TASK OBJECTIVE =>
Retype all entries exactly, skipping pictures.

(Stored entries)

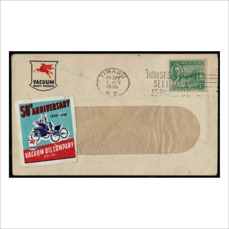 1946 (2AU) Vacuum Oil Company Printed window envelope with 1d Peace perfined ‘VOCo’ tied by Timaru machine cancel. Also 50th Anniv 1896-1946 Vacuum Oil Company Pty Ltd untied label at left. (1)
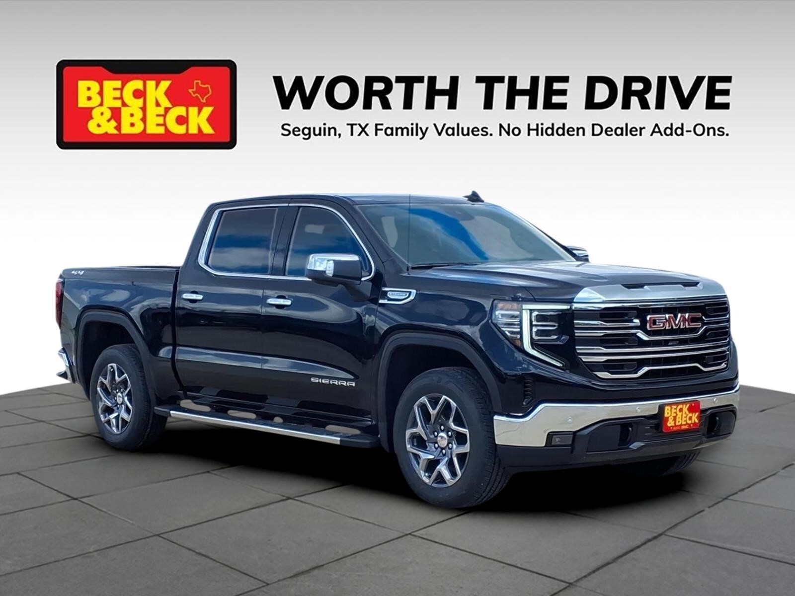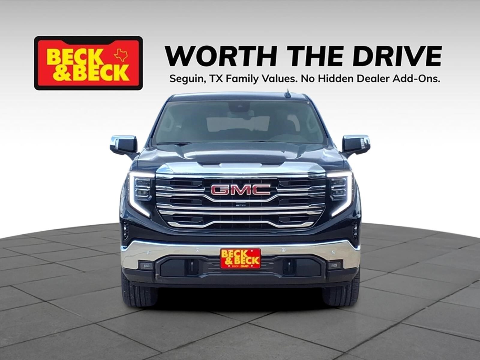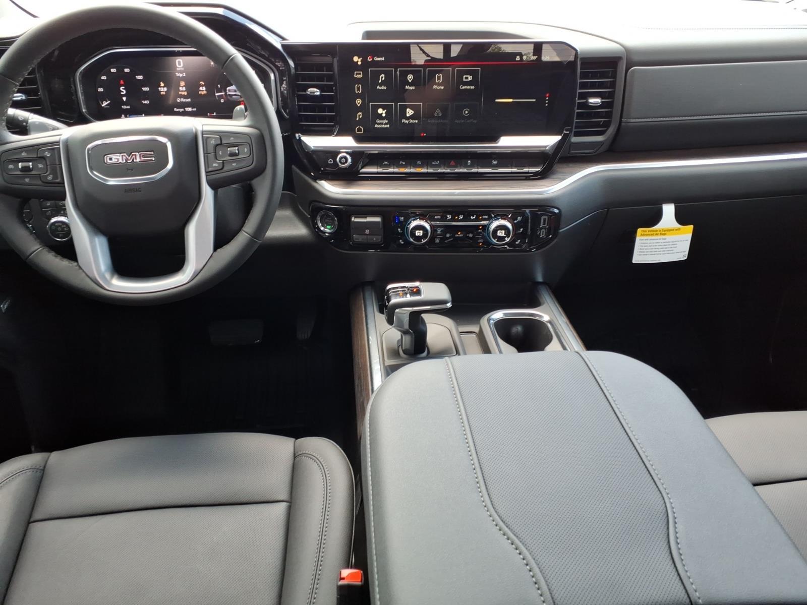 Onyx Black 2026 GMC Sierra 1500 SLT 4WD 10-Speed Automatic EcoTec3 5.3L V8 Sierra 1500 SLT, 4D Crew Cab, EcoTec3 5.3L V8, 4WD, Onyx Black, Jet Black w/Forge Perforated Leather Seat Trim, 10-Way Power Driver Seat Adjuster with Lumbar, 10-Way Power Passenger Seat Adjuster with Lumbar, 120-Volt Bed Mounted Power Outlet, 120-Volt Interior Power Outlet, 170 Amp Alternator, 2 Charge/Data USB Ports, 2 Charge/Data USB Ports Inside Center Console, 2 Type-C Charge-Only Rear USB Ports, 6-Speaker Audio System Feature, Adaptive Cruise Control, Auto-Locking Rear Differential, Auxiliary External Transmission Oil Cooler, Chrome Header and Chrome Grille Insert Bars, Chrome Wheel to Wheel Assist Steps, Color-Keyed Carpeting Floor Covering, Deep-Tinted Glass, Driver Memory, Electric Rear-Window Defogger, Electronic Precision Shift, Floor-Mounted Center Console, Front 40/20/40 Split-Bench Seat, Front Bucket Seats, Front Frame-Mounted Black Recovery Hooks, Front Rain-Sensing Wipers, HD Rear Vision Camera, HD Surround Vision, Heated 2nd Row Outboard Seats, Heated Driver and Front Outboard Passenger Seating, Hitch Guidance, Hitch View, in-Vehicle Trailering System App, Integrated Trailer Brake Controller, Keyless Open and Start, LED Cargo Area Lighting, Manual Tilt-Wheel and Telescoping Steering Column, OnStar Services Capable, Perimeter Lighting, Power Door Locks, Power Front Passenger Windows with Express Up/Down, Power Front Windows with Driver Express Up/Down, Power Rake and Telescoping Steering Column, Power Rear Windows with Express Down, Power Sliding Rear Window with Rear Defogger, Preferred Equipment Group 4SA, Premium Bose 7-Speaker Sound System, ProGrade Trailering System, Push Button Start, Rear Cross Traffic Braking, Rear Pedestrian Detection, Rear Wheelhouse Liners, Remote Vehicle Starter System, Safety Alert Seat, Sierra Safety Plus Package, SiriusXM with 360L Trial Subscription, SLT Convenience Package, SLT Preferred Package, SLT Premium Plus Package, Spray-on Pickup Bedliner with GMC Logo, Steering Wheel Audio Controls, Theft Deterrent System (unauthorized Entry), Trailer Camera Provisions, Trailer Side Blind Zone Alert, Trailering Package, Ultrasonic Front and Rear Park Assist, Universal Home Remote, Ventilated Driver and Front Passenger Seats, Wheels: 18x 8.56-Spoke Machined Aluminum, Wi-Fi Hotspot Capable, Wireless Charging. Recent Arrival! Price includes: $1750 - Purchase Allowance. Exp. 04/30/2026 $2500 - Bonus Cash. Exp. 04/30/2026
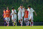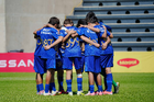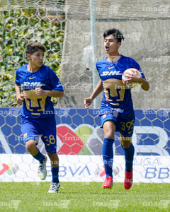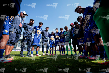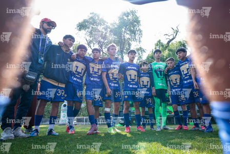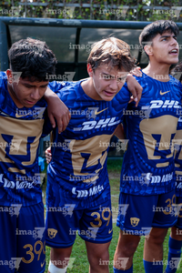 Toluca, Estado de México, 8 de abril de 2026. Jugadores de Pumas de la UNAM, durante el partido correspondiente a los Cuartos de Final del torneo 2026 de la Liga BBVA MX categoría Sub14, entre los Pumas de la UNAM y las Chivas Rayadas del Guadalajara, realizado en las instalaciones de la Federación Mexicana de Futbol. Foto: Imago7/Daniel Arriaga
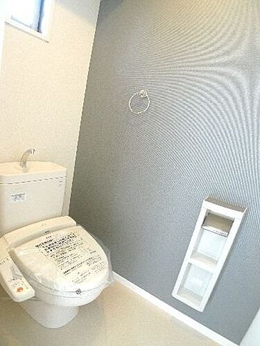【トイレ】トイレには洗浄機能付き便座を設置!!ツールボックスやタオル掛け、小窓を設置しております♪
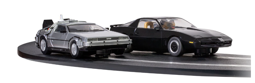 Two of the most iconic film cars ever go head-to-head in this brand-new set from Scalextric! Will you be Michael Knight in K.T.T.? Or Doc or Marty McFly in the Back to the Future Time Machine??Whether you are doing 88MPH or chasing down bad guys, red LED lights flashing on?either car is a guaranteed winner on the big screen, small screen or Scalextric track! This set contains everything you need to race Scalextric, including two cars, power, over 5.3 metres of track including a crossover, side swipe and 2 easy speed limiting hand controllers.

EXERCISE RESPONSE =>
 1946 (2AU) Vacuum Oil Company Printed window envelope with 1d Peace perfined ‘VOCo’ tied by Timaru machine cancel. Also 50th Anniv 1896-1946 Vacuum Oil Company Pty Ltd untied label at left. (1)
 Onyx Black 2026 GMC Sierra 1500 SLT 4WD 10-Speed Automatic EcoTec3 5.3L V8 Sierra 1500 SLT, 4D Crew Cab, EcoTec3 5.3L V8, 4WD, Onyx Black, Jet Black w/Forge Perforated Leather Seat Trim, 10-Way Power Driver Seat Adjuster with Lumbar, 10-Way Power Passenger Seat Adjuster with Lumbar, 120-Volt Bed Mounted Power Outlet, 120-Volt Interior Power Outlet, 170 Amp Alternator, 2 Charge/Data USB Ports, 2 Charge/Data USB Ports Inside Center Console, 2 Type-C Charge-Only Rear USB Ports, 6-Speaker Audio System Feature, Adaptive Cruise Control, Auto-Locking Rear Differential, Auxiliary External Transmission Oil Cooler, Chrome Header and Chrome Grille Insert Bars, Chrome Wheel to Wheel Assist Steps, Color-Keyed Carpeting Floor Covering, Deep-Tinted Glass, Driver Memory, Electric Rear-Window Defogger, Electronic Precision Shift, Floor-Mounted Center Console, Front 40/20/40 Split-Bench Seat, Front Bucket Seats, Front Frame-Mounted Black Recovery Hooks, Front Rain-Sensing Wipers, HD Rear Vision Camera, HD Surround Vision, Heated 2nd Row Outboard Seats, Heated Driver and Front Outboard Passenger Seating, Hitch Guidance, Hitch View, in-Vehicle Trailering System App, Integrated Trailer Brake Controller, Keyless Open and Start, LED Cargo Area Lighting, Manual Tilt-Wheel and Telescoping Steering Column, OnStar Services Capable, Perimeter Lighting, Power Door Locks, Power Front Passenger Windows with Express Up/Down, Power Front Windows with Driver Express Up/Down, Power Rake and Telescoping Steering Column, Power Rear Windows with Express Down, Power Sliding Rear Window with Rear Defogger, Preferred Equipment Group 4SA, Premium Bose 7-Speaker Sound System, ProGrade Trailering System, Push Button Start, Rear Cross Traffic Braking, Rear Pedestrian Detection, Rear Wheelhouse Liners, Remote Vehicle Starter System, Safety Alert Seat, Sierra Safety Plus Package, SiriusXM with 360L Trial Subscription, SLT Convenience Package, SLT Preferred Package, SLT Premium Plus Package, Spray-on Pickup Bedliner with GMC Logo, Steering Wheel Audio Controls, Theft Deterrent System (unauthorized Entry), Trailer Camera Provisions, Trailer Side Blind Zone Alert, Trailering Package, Ultrasonic Front and Rear Park Assist, Universal Home Remote, Ventilated Driver and Front Passenger Seats, Wheels: 18x 8.56-Spoke Machined Aluminum, Wi-Fi Hotspot Capable, Wireless Charging. Recent Arrival! Price includes: $1750 - Purchase Allowance. Exp. 04/30/2026 $2500 - Bonus Cash. Exp. 04/30/2026
 Toluca, Estado de México, 8 de abril de 2026. Jugadores de Pumas de la UNAM, durante el partido correspondiente a los Cuartos de Final del torneo 2026 de la Liga BBVA MX categoría Sub14, entre los Pumas de la UNAM y las Chivas Rayadas del Guadalajara, realizado en las instalaciones de la Federación Mexicana de Futbol. Foto: Imago7/Daniel Arriaga
【トイレ】トイレには洗浄機能付き便座を設置!!ツールボックスやタオル掛け、小窓を設置しております♪
 Two of the most iconic film cars ever go head-to-head in this brand-new set from Scalextric! Will you be Michael Knight in K.T.T.? Or Doc or Marty McFly in the Back to the Future Time Machine??Whether you are doing 88MPH or chasing down bad guys, red LED lights flashing on?either car is a guaranteed winner on the big screen, small screen or Scalextric track! This set contains everything you need to race Scalextric, including two cars, power, over 5.3 metres of track including a crossover, side swipe and 2 easy speed limiting hand controllers.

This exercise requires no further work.